# Schwinn Color  Questions



## deepsouth (Sep 27, 2017)

Anyone know what year (or years) this color chart covers? Also the 1946 Schwinn dealer catalog lists DX standard colors as Red, Black, and Light Blue  with Ivory trim. Does anyone have a photo of the light blue? If not which of the standard colors is closest?


----------



## Freqman1 (Sep 27, 2017)

I want to say that color chart dates from like about '51. @VintageSchwinn.com  should be able to help you with DX blue. V/r Shawn


----------



## 2jakes (Sep 27, 2017)

Check with:


 
He was selling these books in April.He would know the year .


----------



## Freqman1 (Sep 27, 2017)

2jakes said:


> Check with:
> View attachment 683485
> He was selling these books in April.He would know the year .
> View attachment 683487




That middle cover is the back of Geoff Greene;s Heavyweight Schwinn book and the ad is undated.
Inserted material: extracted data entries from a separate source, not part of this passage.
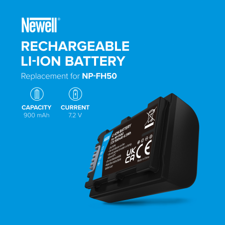 Newell replacement NP-FH50 battery is created based on lithium-ion technology. This allows you to charge and discharge it repeatedly. There is also nothing to prevent you from recharging the battery at any time. Solutions used by the Newell brand also avoid the occurrence of the so-called memory effect, i.e. the device "remembers" the reduced time of use.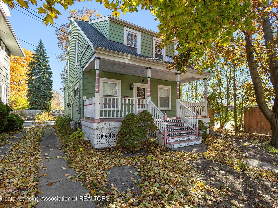 Just steps from the lively Michigan Avenue corridor—where local coffee shops, restaurants, and neighborhood favorites line the street—this classic home offers timeless charm with everyday comfort. Enjoy the convenience of being minutes from downtown Lansing and Michigan State University while living in one of the city's most walkable and community-minded areas. The star of the show is the huge covered front porch...essentially a second living room all summer long. Inside, you'll find beautiful original trim, hardwood floors, a stunning stone fireplace, leaded glass windows, and a bay window in the dining room that floods the space with natural light. Every corner radiates character and craftsmanship. The kitchen is enormous, featuring an island, pantry, and plenty of cabinets and counter space for cooking, gathering, or late-night homework sessions. Just off the kitchen, the enclosed mudroom makes the perfect drop zone for muddy boots, soccer bags, and backpacks. A convenient half bath rounds out the main floor. Upstairs, you'll find three generous bedrooms with huge closets and a full bathroom. The home also includes a full basement for storage or future finishing potential, plus a lovely backyard shaded by mature trees. The charming playhouse just needs a little love to become the ultimate hideout or backyard studio. A beautiful mix of history, warmth, and walkable urban living—this one's easy to fall for.
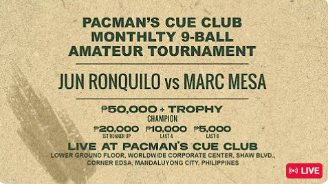 https://www.youtube.com/@pacmans.cueclub https://www.youtube.com/watch?v=vVzjFhBjlDg PACMAN’S CUE CLUB MONTHLY 9-BALL AMATEUR TOURNAMENT Jun Ronquilo VS Marc Mesa Live at Pacman’s Cue Club located at the Lower Ground Floor, Worldwide Corporate Center, Shaw Blvd., Corner Edsa, Mandaluyong City, Philippines Follow us for more updates PACMAN’S CUE CLUB
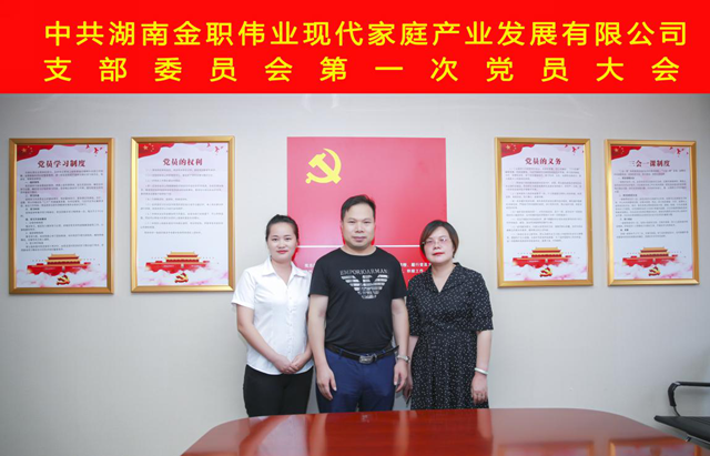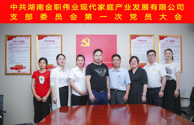 2019年9月11日,中共湖南金職偉業(yè)現(xiàn)代家庭產(chǎn)業(yè)發(fā)展有限公司支部委員會第一次黨員大會暨黨支部成立大會在長沙市隆重召開。湖南省工商聯(lián)商會協(xié)會黨委委員、中共湖南省非公企業(yè)投資商會總支委員會書記李國輝、湖南省非公企業(yè)投資商會常務副會長、湖南金職偉業(yè)現(xiàn)代家庭產(chǎn)業(yè)發(fā)展有限公司董事長彭英、湖南金職偉業(yè)現(xiàn)代家庭產(chǎn)業(yè)發(fā)展有限公司總經(jīng)理潘建明等領導,公司全體黨員、預備黨員、入黨積極分子等參加了會議。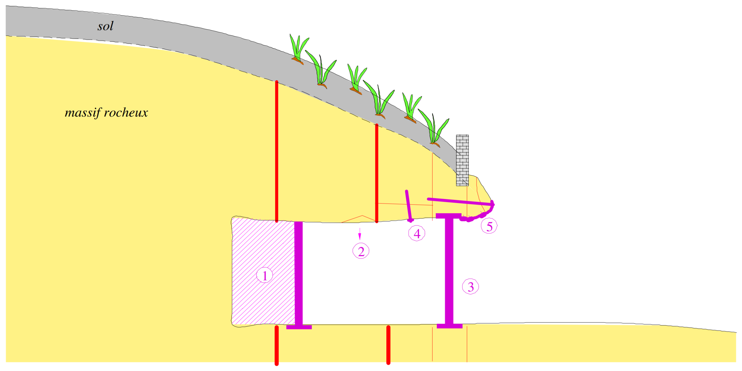 On rappelle que ces travaux nécessitent l’intervention d’entreprises spécialisées ou bénéficiant d’une bonne expérience en la matière. Enfin, outre la mise en œuvre de ces différentes techniques de confortement, on rappelle que la stabilité du coteau et des caves passe par la maîtrise de l’eau et de la végétation (cf. les fiches spécifiques du CTATP).

V/r Shawn


----------



## cyclingday (Sep 27, 2017)

I think that color chart is from the 1953 catalog, but I would say, that it applies from the mid 40s through the mid 50s.


----------



## VintageSchwinn.com (Sep 27, 2017)

I have DX Blue matched from the original NOS can.  If you need, shoot me a PM.

Thanks


----------



## Saving Tempest (Sep 28, 2017)

I might be coming up with maroon fenders for my Hornet but I want the tank I'll eventually get to match the Red Hornet frame, and the springer I'm getting as well. More fender choices than tanks.


----------